Well I’ve learnt my lesson.
Before I went to Africa’s Gold Coast, I did not realise that the food over there is not the same as back home. The day we arrived, the lunch at Big Boss was delicious but halfway through my mouth felt as if it was on fire. Then the stomach had to take the punch. Water, cold drinks, I tried it all but no relief.
Ice cubes were the only things on my mind but the house was about 100 metres away. Any sprinter would never have caught up with me that day.
Two days later after the opening ceremony, I was back to myself. I had come to terms with the food. What you see is what you get. The burning feeling went away and to my surprise the stomach started cramping.
Too many people (luckily men only) stayed together in the house. The house had many rooms each with a bathroom and toilet. I stayed just next to a commune room and had to wait my turn to use the toilet or bathroom.
Now to stand in the queue for the toilet was another story. Four hours later I was exhausted, run down, had no power, and I needed fresh air. The supporters all went to the beach and I was left behind in the toilet without anybody asking my whereabouts.
But that was that. Enjoying what Accra had to offer is what we were looking for.
The main traditional dish is a “Kenke”, a boiled fermented corn dough with lots of HOT pepper, dried fish or fried fish with Pepper called “banku”. A plate is cheap at only 10 Ghana Cdi (N$20).
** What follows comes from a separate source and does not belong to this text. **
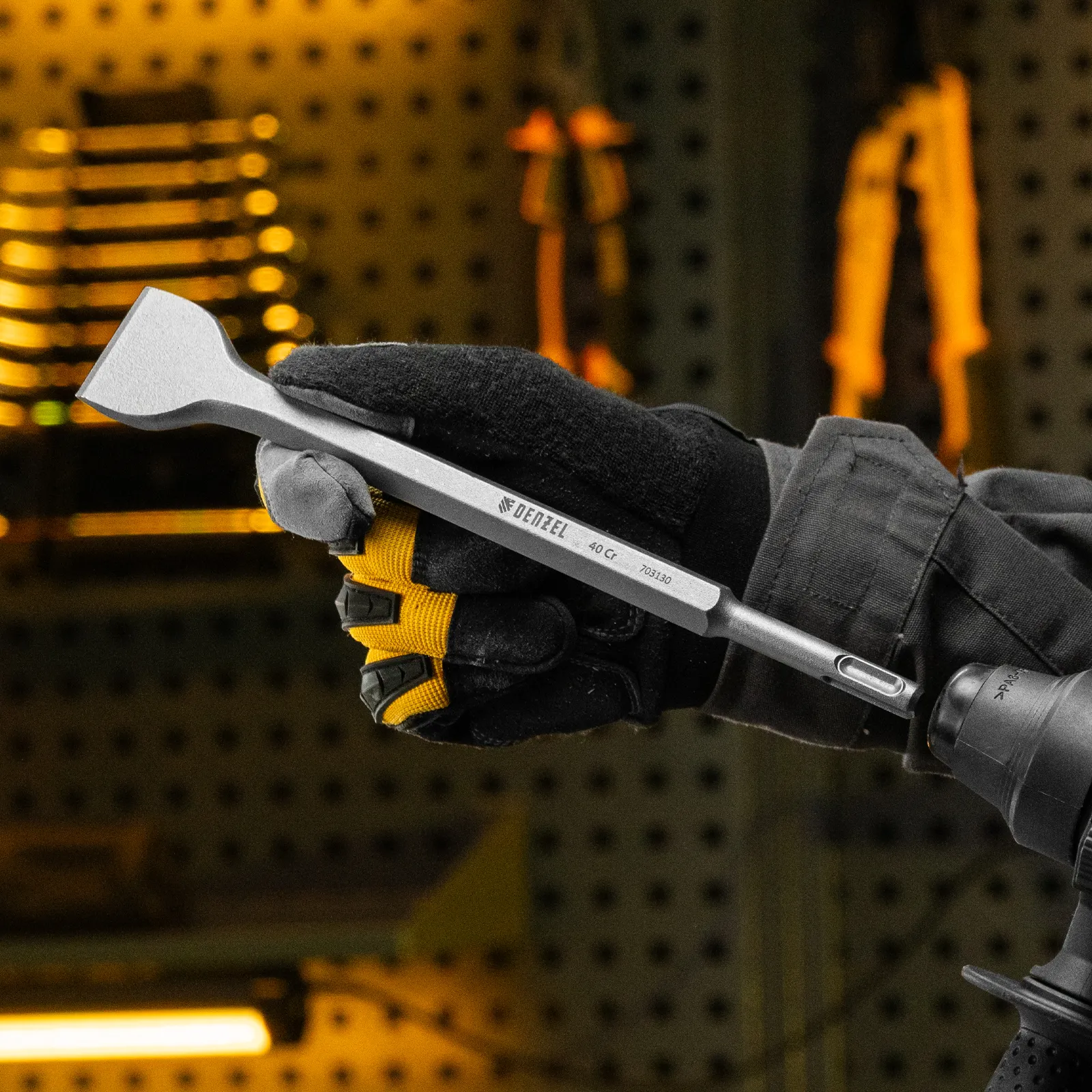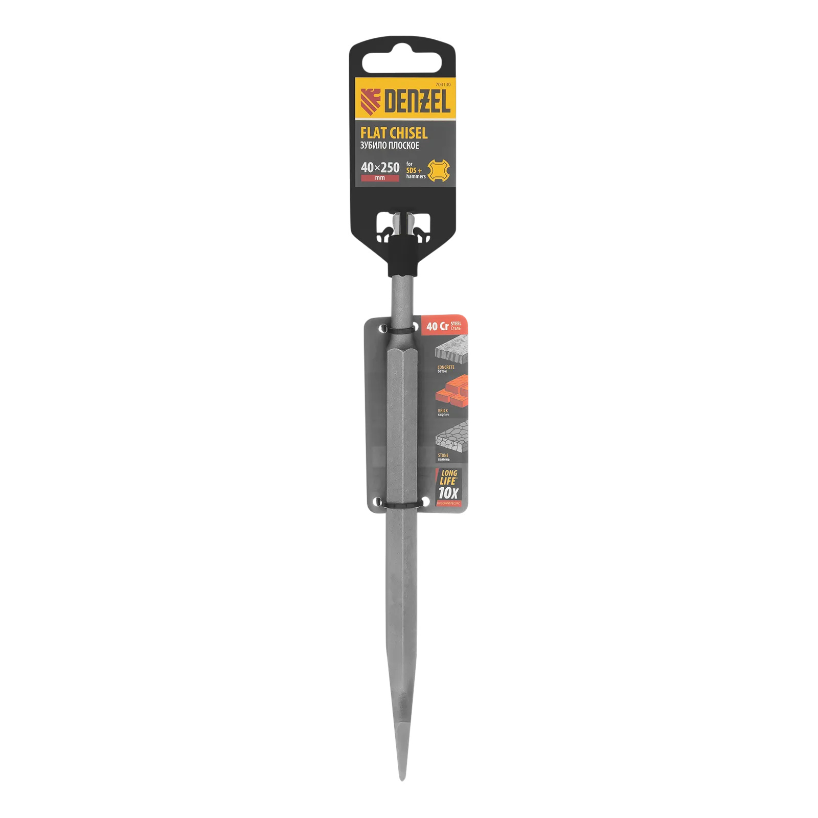 Зубило Denzel 703130 размером 14 x 40 x 250 мм, из стали 40Cr, с хвостовиком SDS-plus — оснастка для перфоратора. Предназначено для выполнения ударных, демонтажных работ с твердыми материалами, такими как камень, бетон, кирпич. Пригодится на строительной площадке.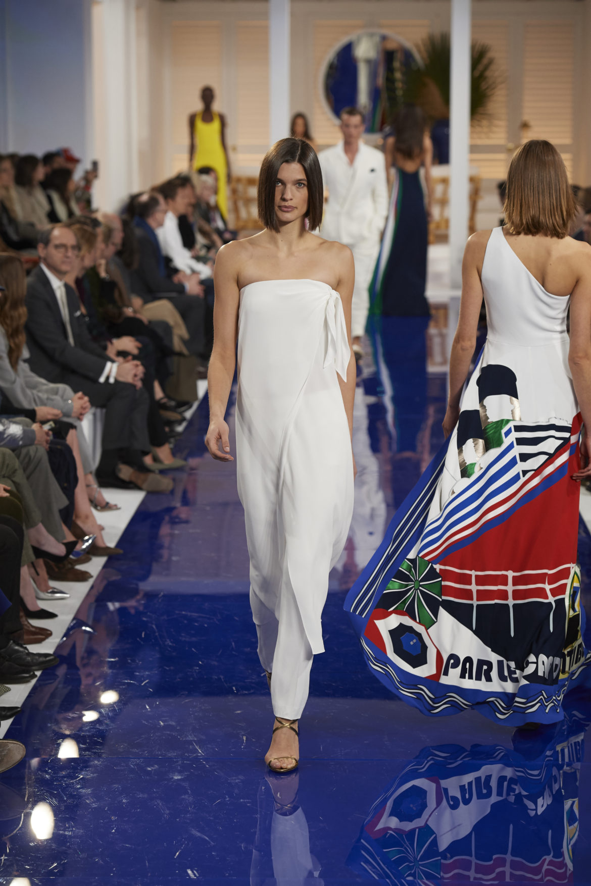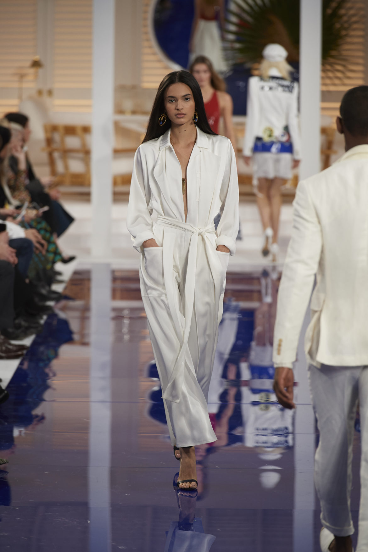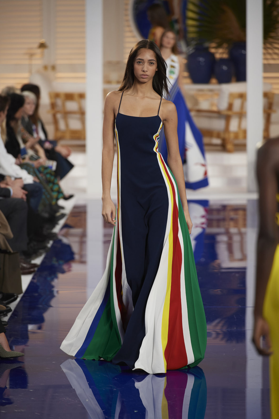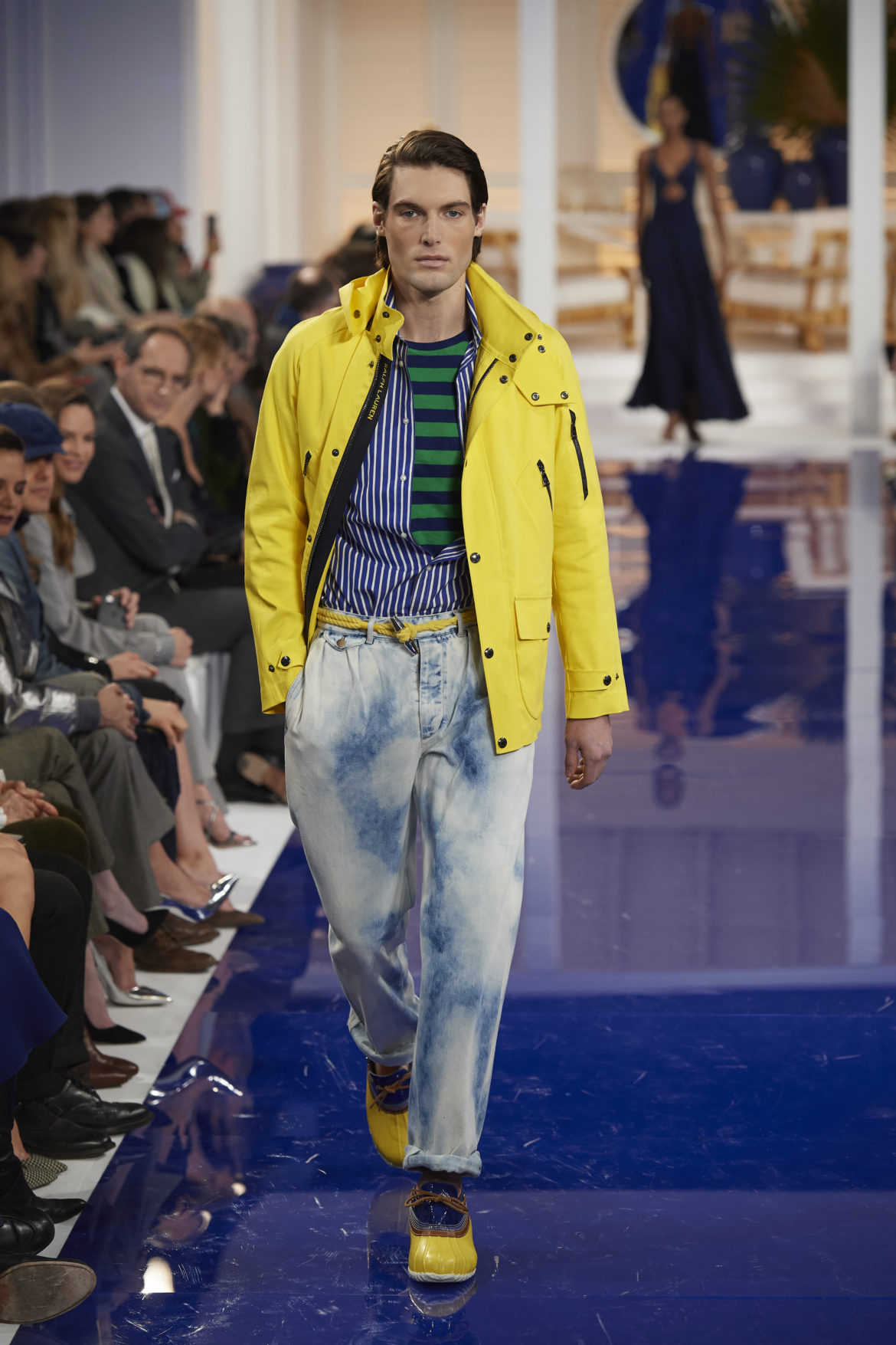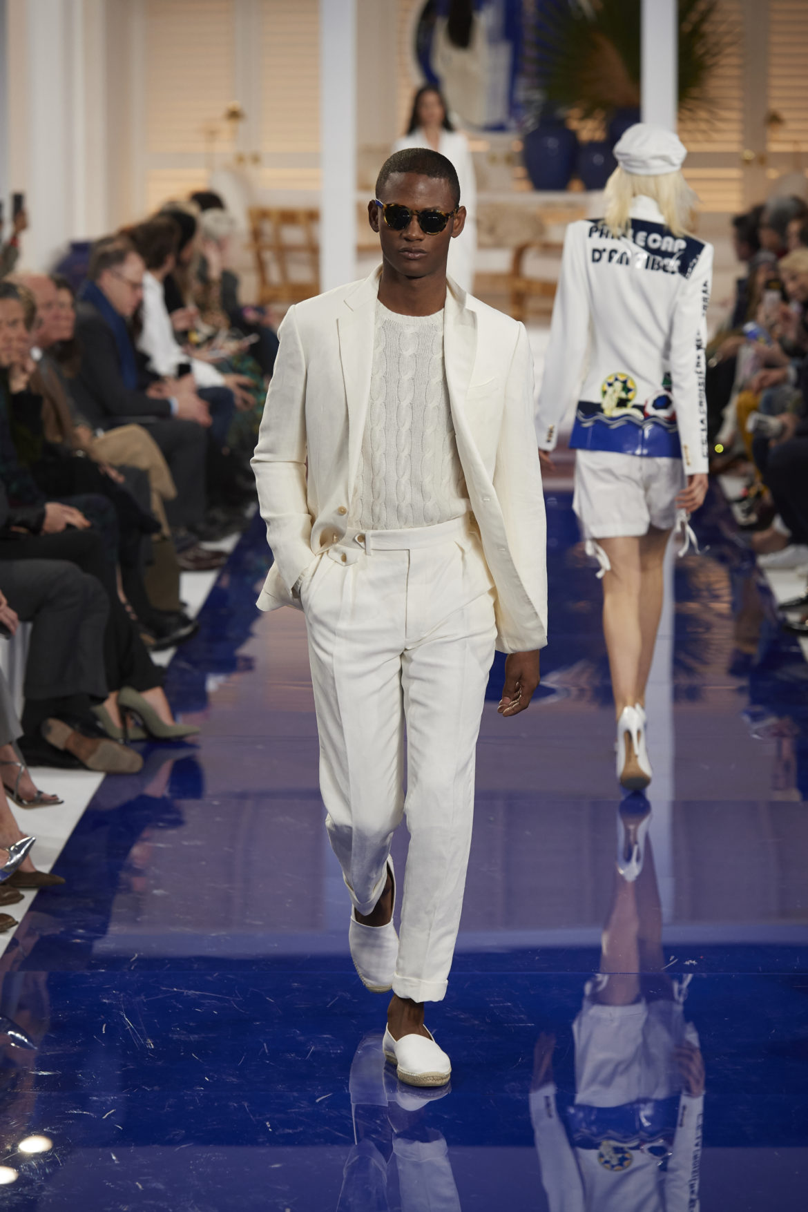The runway presentation transported guests to a tranquil Jamaican retreat, inspired by Ralph Lauren’s iconic home in Montego Bay.

What is very tasty is the groundnut soup.
Things were rather expensive over there but that was understandable as the continent’s “World Cup” was on the menu.
“Omo tuo” is a bowl of rice served with palm or groundnut soup. Now the hot spicy ground pepper is not the one we find on the Shoprite shelves. This is hot stuff. There were also kebabs of meat or liver dipped and grilled – very succulent.
Drinks include maize beer and palm milk.
What can one say, eat drink and let’s be merry. The normal cold drinks like Coke, Fanta, Pepsi and the likes are all there but do not taste the same as back home.